Além das referências aos filmes do Ghibli no design e nas cores, ‘Luca’ ainda tem uma textura de filme europeu do meio do século passado – e isso também não é gratuito. “Pesquisamos a Era de Ouro Italiana nos anos 1950 e 1960 – o cinema, a música e o design – havia algo de muito adorável e atemporal naquele período”, diz Casarosa. “Sempre fui um grande fã do cinema italiano. Foi muito divertido estudar aqueles filmes antigos – e compartilhá-los com todos”. Segundo a produtora Andrea Warren, ‘Luca’ “é um filme época. Queríamos retratar com franqueza a época, não importa o quão estilizado estivéssemos fazendo”.

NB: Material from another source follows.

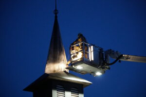 Oudehorne – De brandweer is maandagavond in actie gekomen bij de kerk aan de Schoterlandseweg in Oudehorne.

‘Luca’ pode não ter a profundidade de ‘Soul’ e ‘Divertidamente’, ou os momentos que levam qualquer um às lágrimas de ‘Up – Altas Aventuras’ e ‘Viva – A Vida é Uma Festa’, mas certamente é um dos filmes mais bonitos e sensíveis do catálogo da Pixar. Sua simplicidade e honestidade são até necessárias nesse momento atual, em que o próprio filme não pode ser lançado nos cinemas por causa da pandemia de Covid-19. Cada abraço apertado que Luca, Alberto e Giulia trocam no filme é um abraço em nós mesmos.